**WORK INSTRUCTION**
What the task requires is an exact printout of the listing below, pictures excluded.

**SUPPLIED MATERIAL**
*** Block opens ***

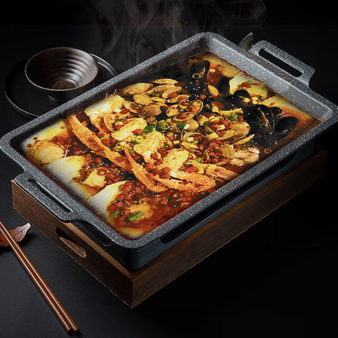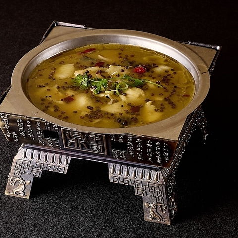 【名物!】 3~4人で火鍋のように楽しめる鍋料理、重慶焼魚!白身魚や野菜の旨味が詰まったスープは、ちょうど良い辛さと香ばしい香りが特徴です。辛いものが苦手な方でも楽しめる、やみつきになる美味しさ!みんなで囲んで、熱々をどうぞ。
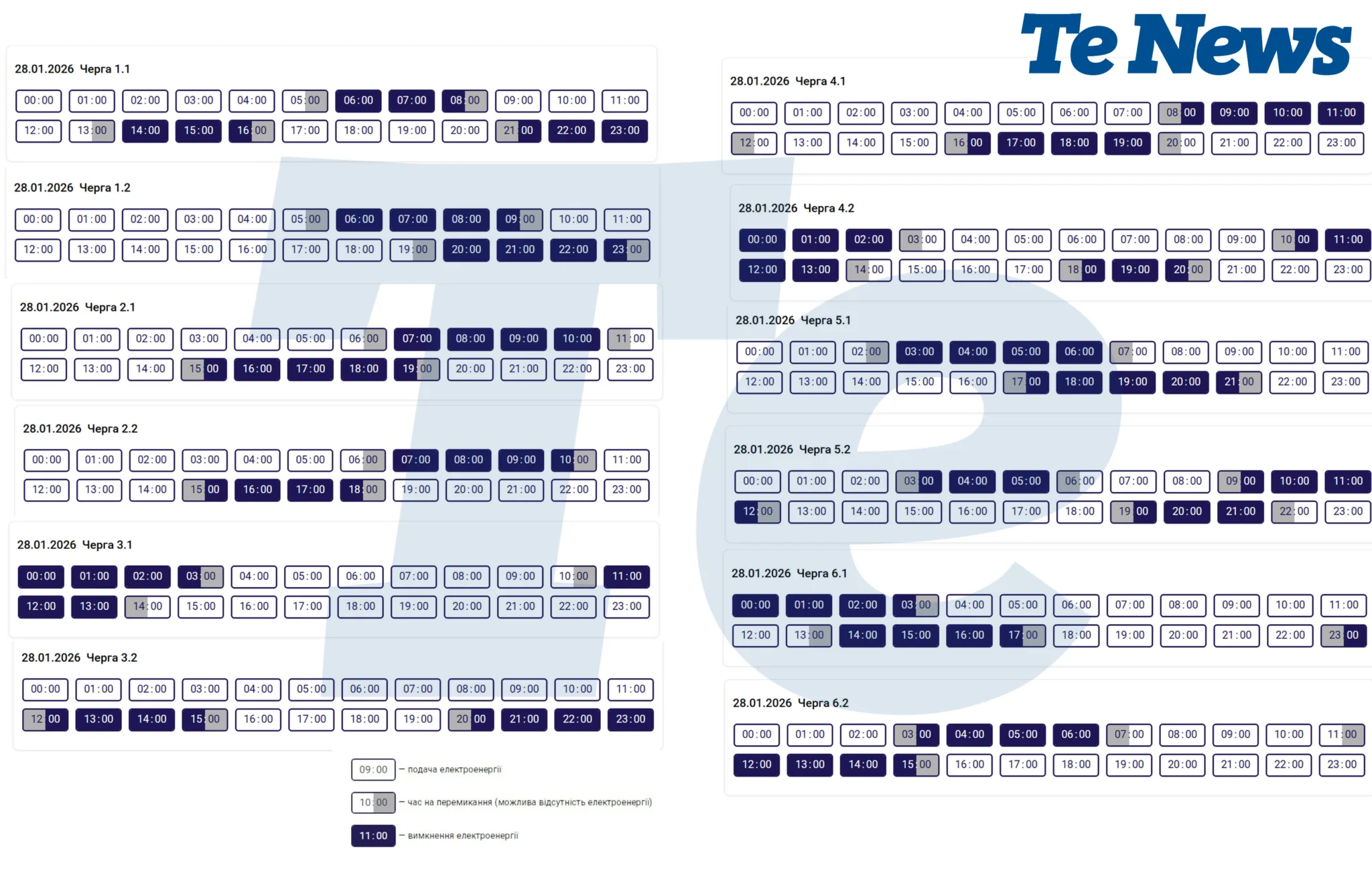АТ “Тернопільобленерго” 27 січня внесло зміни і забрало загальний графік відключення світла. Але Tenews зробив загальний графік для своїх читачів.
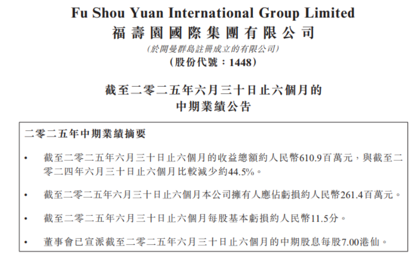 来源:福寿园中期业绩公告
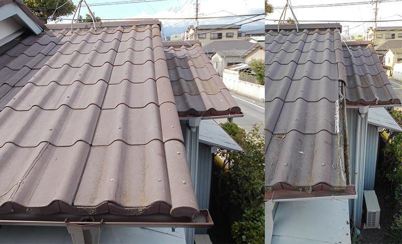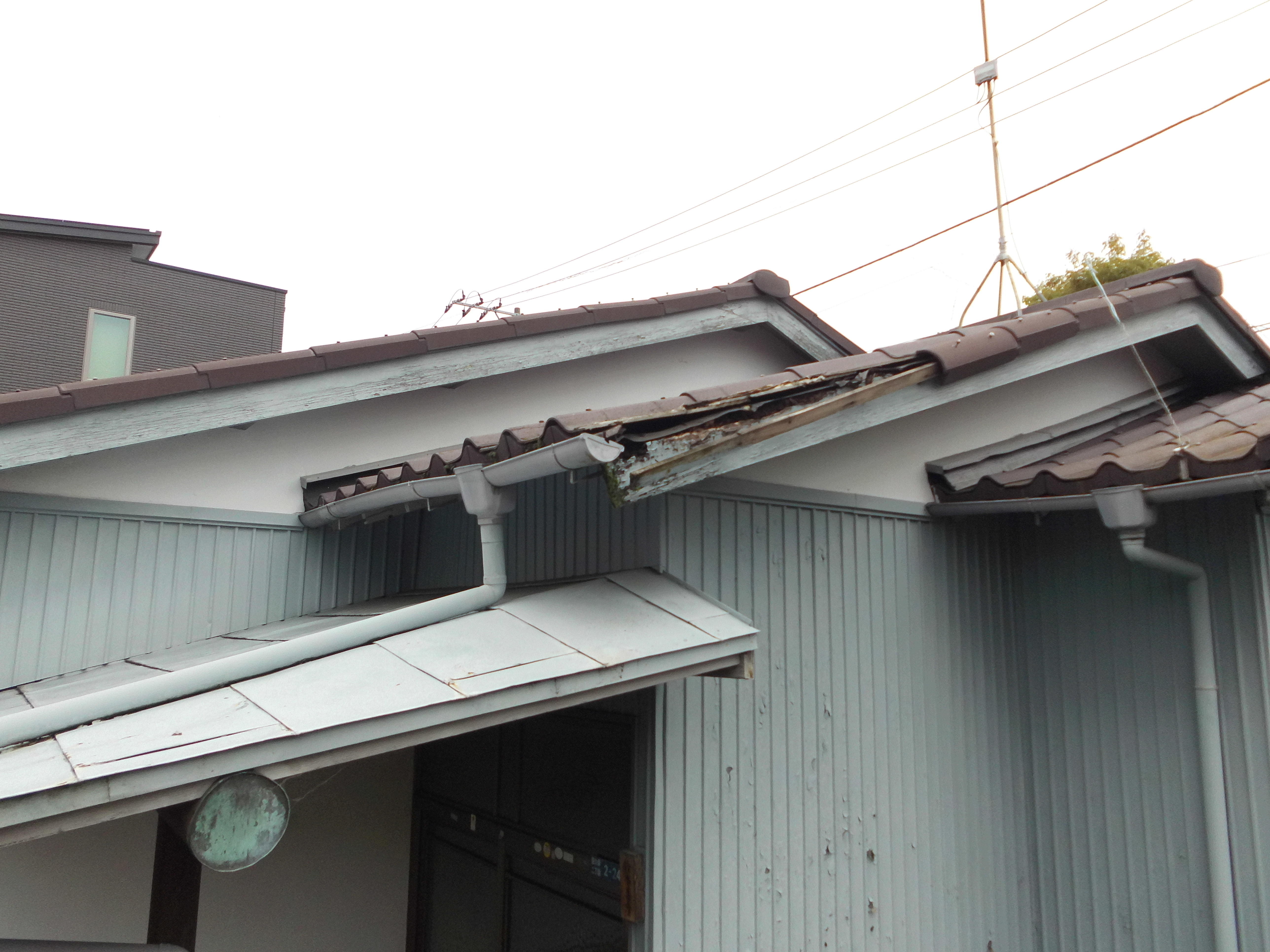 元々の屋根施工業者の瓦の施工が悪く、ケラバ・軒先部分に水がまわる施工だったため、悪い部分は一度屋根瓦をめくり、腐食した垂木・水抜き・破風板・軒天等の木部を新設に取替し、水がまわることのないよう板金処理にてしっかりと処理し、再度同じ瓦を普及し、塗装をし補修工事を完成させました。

*** Block closes ***

**RESPONSE BELOW**
 【名物!】 3~4人で火鍋のように楽しめる鍋料理、重慶焼魚!白身魚や野菜の旨味が詰まったスープは、ちょうど良い辛さと香ばしい香りが特徴です。辛いものが苦手な方でも楽しめる、やみつきになる美味しさ!みんなで囲んで、熱々をどうぞ。
АТ “Тернопільобленерго” 27 січня внесло зміни і забрало загальний графік відключення світла. Але Tenews зробив загальний графік для своїх читачів.
 来源:福寿园中期业绩公告
 元々の屋根施工業者の瓦の施工が悪く、ケラバ・軒先部分に水がまわる施工だったため、悪い部分は一度屋根瓦をめくり、腐食した垂木・水抜き・破風板・軒天等の木部を新設に取替し、水がまわることのないよう板金処理にてしっかりと処理し、再度同じ瓦を普及し、塗装をし補修工事を完成させました。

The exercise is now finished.